Disclosure of Invention
The present invention provides a method and a storage structure for rapidly verifying consistency of multiple copies in distributed storage, aiming at providing a method for improving consistency detection speed, reducing bandwidth consumption of a storage host, and accelerating data verification speed.
The technical scheme adopted by the invention for solving the technical problem is as follows:
a method for rapidly checking consistency of a plurality of copies of distributed storage, wherein the distributed storage adopts a processing architecture of a control host and a storage host, and the method comprises the following steps:
A. uniformly dividing a stored file into a plurality of data segments in advance, wherein each data segment is provided with a first hash value which corresponds to the data segment independently, and a flag bit for indicating whether the corresponding first hash value is expired or not;
B. when a write request is received, calculating a corresponding zone bit according to the offset and the length of the write request, and setting the zone bit to be overdue;
C. and screening out expired zone bits, and calculating a second hash value of the whole file according to the first hash value of each data segment after updating the first hash value corresponding to the zone bits.
According to the method for rapidly checking consistency of the distributed storage multi-copy, the first hash value and the zone bit are saved by adopting an additional new file.

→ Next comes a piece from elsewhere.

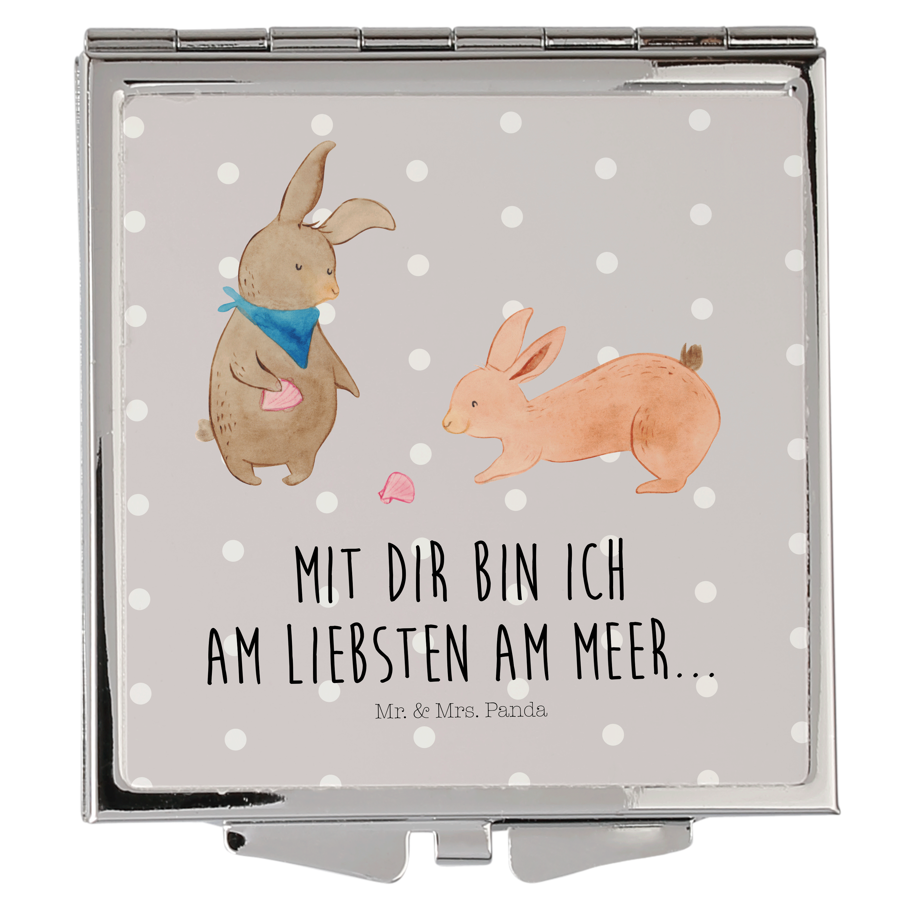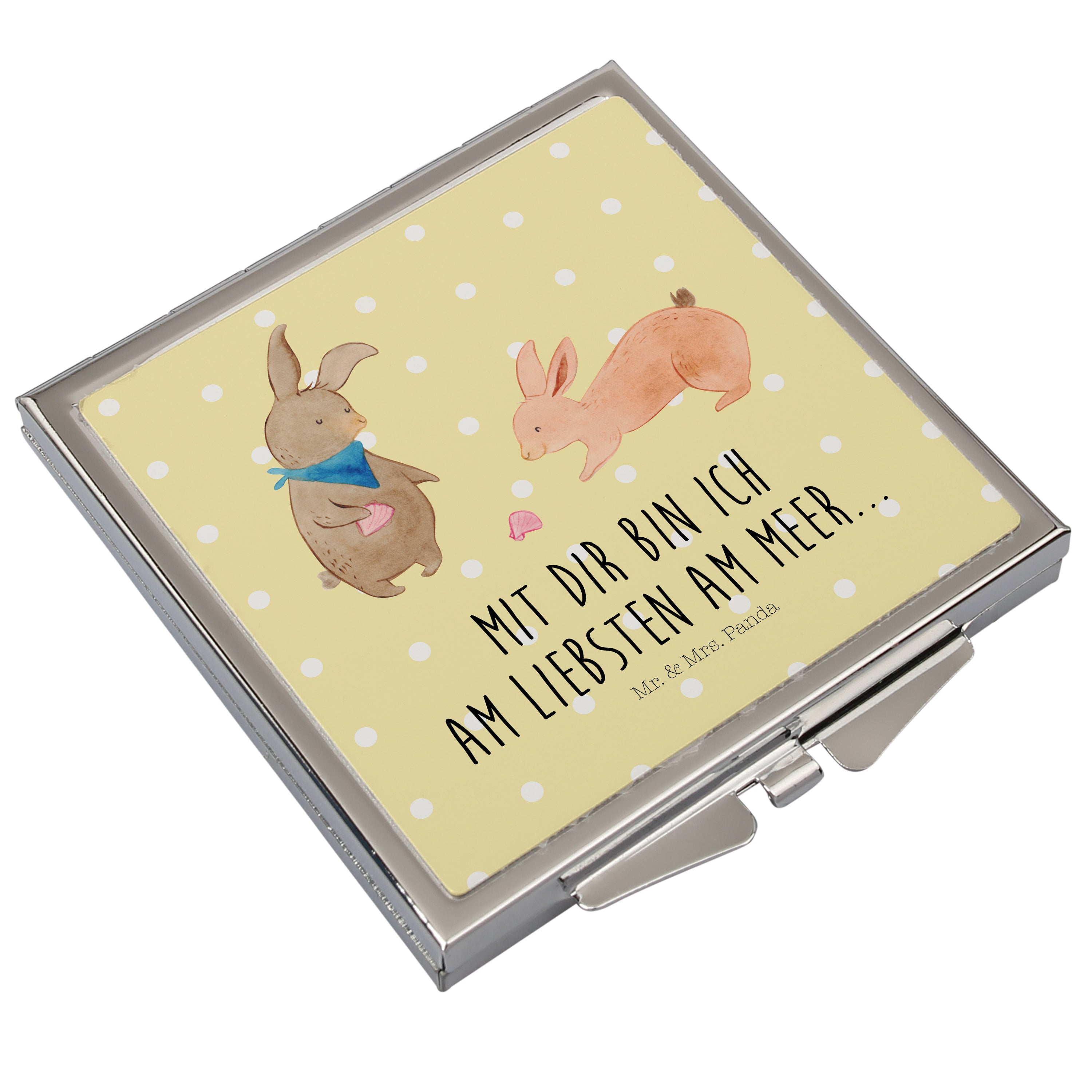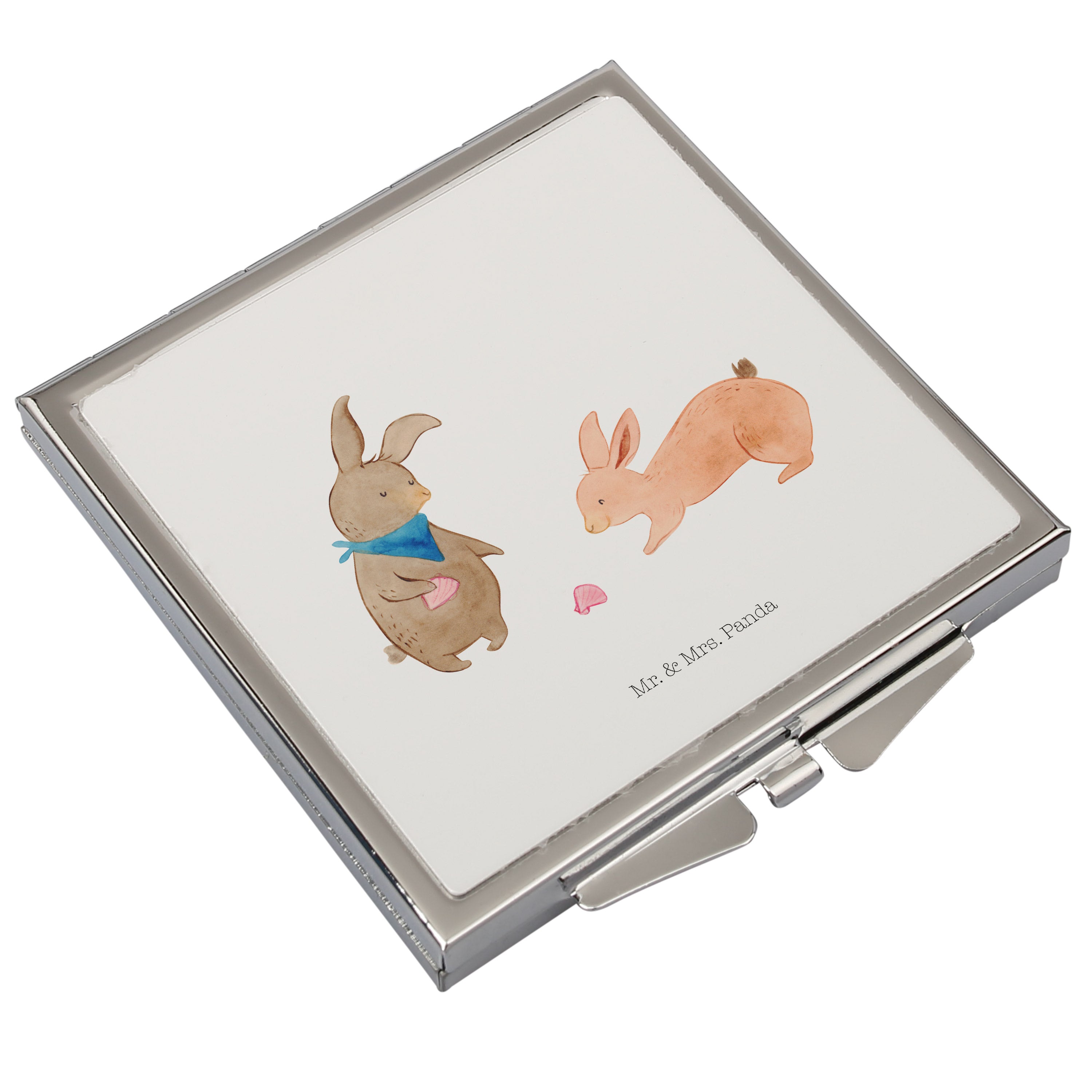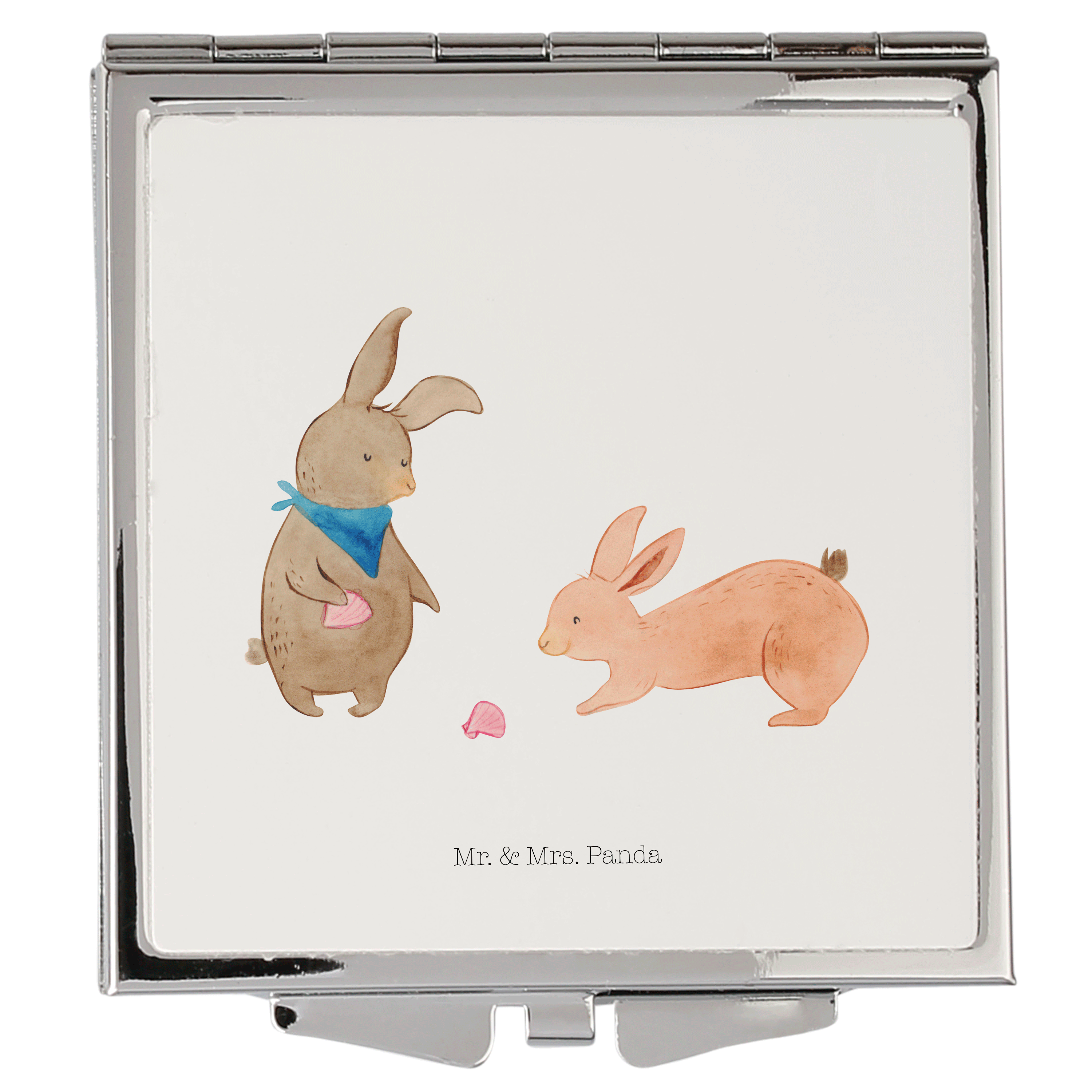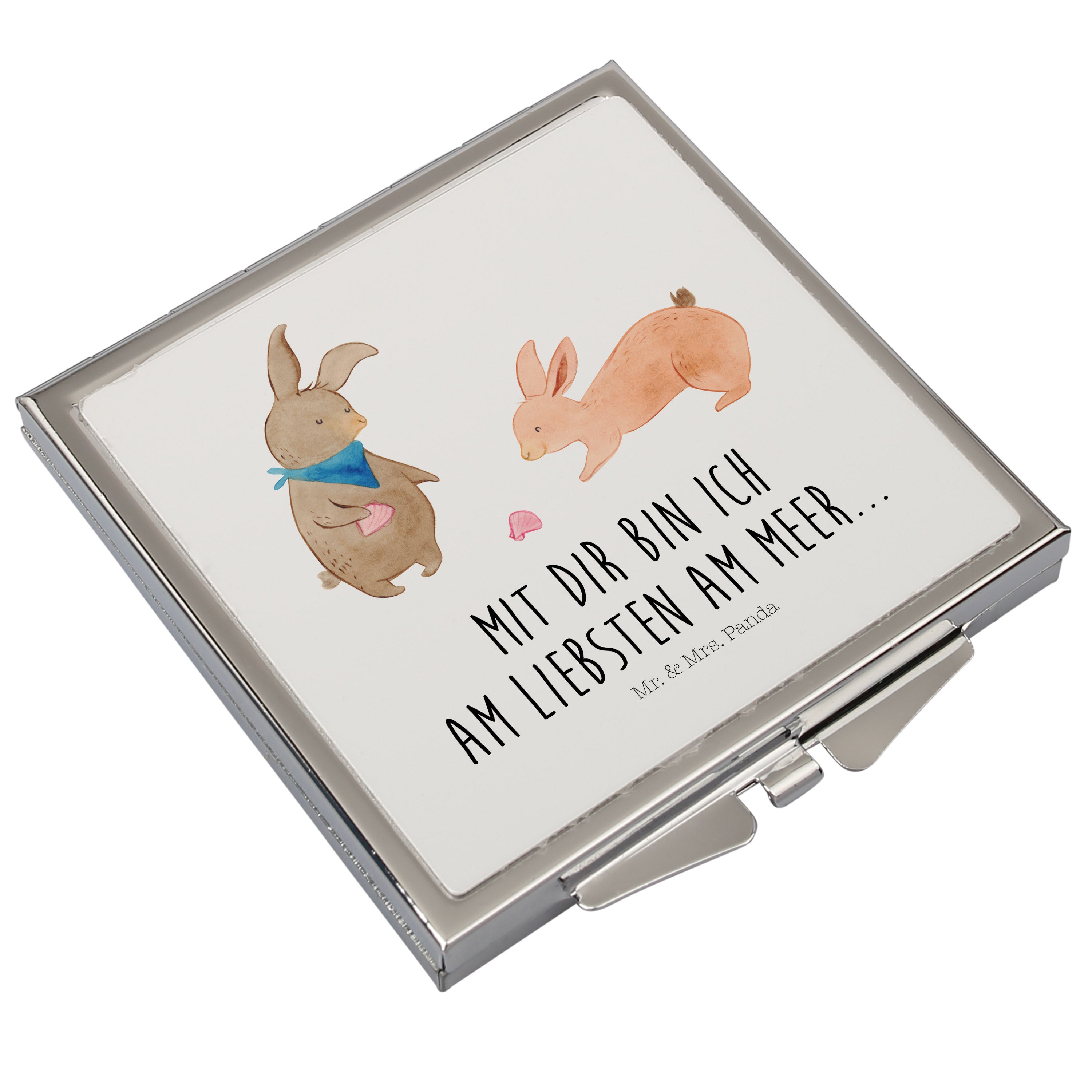 Handtaschenspiegel quadratisch Hasen Muschel - mit Spruch - Weiß

In the method for rapidly checking consistency of the distributed storage multi-copy, during initialization, both a first hash value and a flag bit are set to be 0; and setting the first hash value corresponding to the unwritten data segment as 0.
The method for rapidly checking consistency of multiple copies of distributed storage comprises the following specific steps:
a1, dividing a stored file into a plurality of data segments in advance, wherein the size of each data segment is 4M, and performing initialization setting;
a2, each data segment is provided with a separately corresponding first hash value and a flag bit for indicating whether the corresponding first hash value is expired.
The method for rapidly checking consistency of multiple copies of distributed storage comprises the following specific steps:
b1, when a write request is received, calculating a corresponding zone bit according to the offset and the length of the write request;
b2, and setting the flag bit from 0 to 1, indicating that the flag bit has expired.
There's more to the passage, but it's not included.